An example of diagnosis

           Chronical glomerulonephritis, urinary syndrome, hypertensive stage, phase of activation

Duration of acute glomerulonephritis

           Recovering during first 2-4 weeks or 2-3month

           Prolonged duration (duration more than 4 month, full recovering is 2-3 times rare)

           Negative prognostic feature is nephrotic syndrome, associated with severe hypertension

           Development of chronic glomerulonphritis (urinary syndrome, edema or hypertension are present more than 12 month)

Complications of acute glomerulnepherts

           Eclampsia (angiospastic encephalopathy)

           Acute heart (left ventricular) failure

           Acute renal failure

Treatment of acute glomerulonephritis
Acute glomerulonephritis have to be treated only in speciallised nephrologic department

      Regimen: bed-rest during 2-4-6 weeks until desappearing of edema and normalizing of blood pressure

      Diet 7a

      Daily record of fluide intake and output

      Restriction of dietary protein if azotemia and metabolic acidosis are present

      Salt free diet (Sodium intake is restricted only when circulation overload, edema, or severe hypertension is present)

The aim of drug therapy
is recovering of the patient

     Anti microbal drug

     Symptomatic therapy

     Membranenostabilizative therapy

     Pathogenetic therapy

Antimicrobal therapy

           If a bacterial infection is still present when nephritis is discovered, it should be treated with an appropriated antimicrobial drug

           Semisynthetic penicillins in middle therapeutic doses have to be prescripted

Symptomatic therapy
Edema

            Loop diuretics such as furosemide or lasix (40-400 mg/day or 1-2 gr/day) help in the management of the expanded extracellular fuid volume (side effects: hypocholremic alkalosis, decreasing K, Na level in blood)

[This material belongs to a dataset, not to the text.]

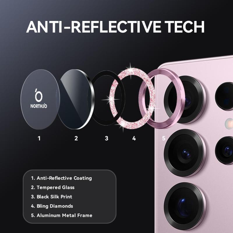 For Samsung Galaxy S25 Ultra 5G NORTHJO 1 Set Camera Lens Protector Glitter Metal Ring Film(Pink) (NORTHJO)

            In patients with decreased of furosemide should be prescribed uregit (50-200-500 mg/day orally) or the combination with the thiazides (hypothiazide 25-100 mgm/day)

            2.4 % solution euphylline 10 ml i/v

            Albumin may help in the management of hypoproteinemia

            Daily weighting to check change in the body fluid status and record of fluid intake and output have to be made in patients which receive diuretics

Hypertensive syndrome

Antihypertensive drug therapy is usually started with single drug, but if there is incomplete response a second drug is added.

One of the following drugs as a single drug treatment can be used:

             ACE inhibitors(or angiotensine II reseptors blockers)

             (loop) diuretics

             calcium channel blockers (non dihydropiridine agents)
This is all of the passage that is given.